A toddler and an earthworm have something in common. They both squirm around a lot. So when approaching your ‘squirming ball of cuteness,’ how do you go about teaching certain habits. Remember, their attention span is also at work squirming about.
It’s a simple request from your point of view. Simply sit down and eat your dinner. Yeah right. If your toddler has ideas other than sitting and eating, don’t despair.
Mealtime is just like anything else. It will be a learned behavior. At one time long ago, you were the toddler, and your parents did the same.
Given all the commotion going on with a toddler, it will be hard at times to gain their cooperation. Just keep in mind you are the one they trust and who they turn to when learning new activities.
When you get right down to it, all you need is a few ideas to get you started in the right direction. And here they are, some ideas and some advice as to why your toddler won’t sit to eat.
Your toddler’s timetable is not yours. Take into consideration how much you allow them to eat during the day. Then ask yourself, are they even hungry?
If your toddler had a huge snack at 4:30, don’t expect them to be hungry at 6:30. Toddlers are just like us. They will eat when they are hungry. Forcing them to sit still and eat at this point is useless.
Remember, their attention span is short, as well as their temperament. Making them do anything against their will is the beginning of a power struggle.
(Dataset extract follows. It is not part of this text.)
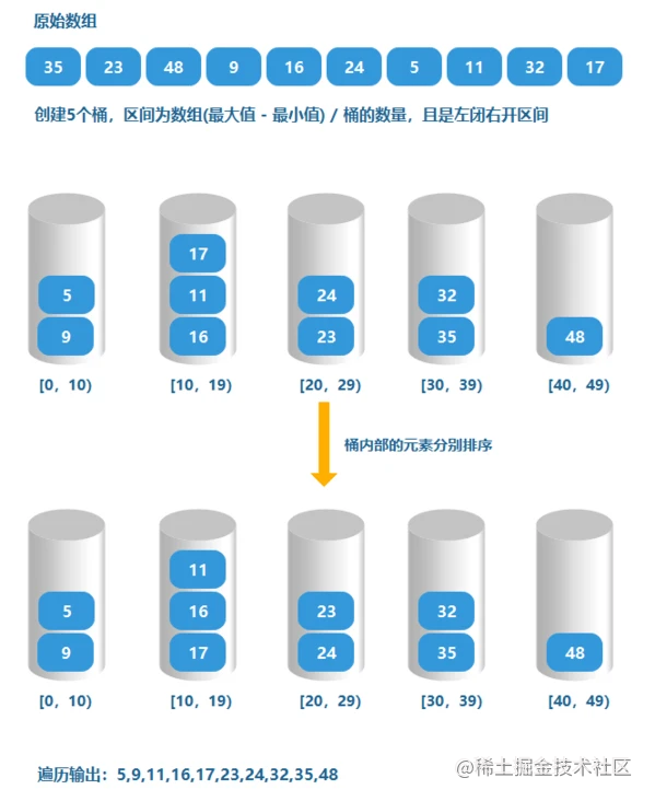 20. buckets[bucketIndex].push(arr[k]); // 排序的数字放入对应桶中

Do your best to limit snacks before mealtime. Indulge in some activities, promoting the importance of sitting down with mom and dad to eat.
Try Something Different
If your toddler simply refuses to sit and eat, whether they are full or not, try something different.
When you and your spouse sit to eat, let your mealtime become their treat time. Now don’t give them candy and cookies; offer a healthy treat. Items such as fruit, gelatin, or maybe some warm milk with a splash of vanilla flavor is a good alternative.
And require them to sit in their high-chair with you and dad and remember to praise where praise is needed.
Give Them A Reason
Perhaps if you were to make the whole ordeal some type of game, you might accomplish your goal. The goal is to get then to sit first of all. Turn it into a fun activity.
Children love games, so try a high-chair game. Tell them, “I bet you can’t get in your high-chair like a big boy (or girl).” Make the idea of sitting at your dinner table a fun one.
When they get accustomed to getting in the high-chair on demand, then tackle the eating issue. Try a bit of reverse psychology. Tell them, “now, don’t you sit there and eat all your food, no, sir, don’t do that!”
Parents can get small children to do a lot of stuff by telling them ‘not to.’ The problem here is they do get older and wiser to your scheme. Your ‘schemes’ will become more elaborate with their age—just a note.
Is The Mood Right?
Sooner or later, either you or your spouse, or both, will have a bad day. It is an inevitable part of life. Let’s say you had one of those days, and now it’s dinner time. Would you want to sit through a meal with mom and dad while they vent about their day? Probably not.
Maybe you aren’t bringing the ‘right stuff’ to the dinner table in terms of your mood. Then factor in the toddler who is going to be messy, and loud, and not a very cooperating member of the family. Not a good recipe for a stress-free meal.
If you need to cool down before dinner, then, by all means, do so. Don’t let your toddler associate dinner time with you being mad about something.
Remember, too; your 2 to 3-year-old hasn’t quite developed the table manners of saying your 7 to 8-year-old. If you do have older children, who do quite well at the table, let the help you out. Let them help to teach the little one how to sit and eat. They love to be like a big brother or sister. And a big brother or sister loves the fact they are helpful. It’s a win-win.
Don’t Give In
When a parent ‘gives in’ to allowing anything, the child knows they have found a loop-hole. If the only way you can get your toddler to sit and eat is by offering a reward, rethink it.
The behaviors you allow and the ones you don’t are very impressionable at the 2 to the 3-year-old mark. And using anything as a bargaining tool is ill-advised. You don’t want your toddler to grow up with the attitude that they can get by with anything.
Mealtime is a good place to start being firm but gentle in your approach. It will shape the way for many other such opportunities as they get older.
Also, concerning meal time, be firm yet gentle in requiring total silence. Not regarding the conversation, but stuff like no TV, no toys, simply put no distractions.
Teach them that mealtime is just not appropriate for certain items and activities. Mealtime is another opportunity for you as the parent to introduce structure and proper behavior. Just remember who you are dealing with, and don’t try to teach them everything in one day.
A simple approach is to think about your toddler as a pet. They eat when they are hungry, and getting them to do something they don’t want to do impossible.
Providing them with reasons to sit and eat and emphasizing the importance is your main concern. And just remember always to give lots of love and affection.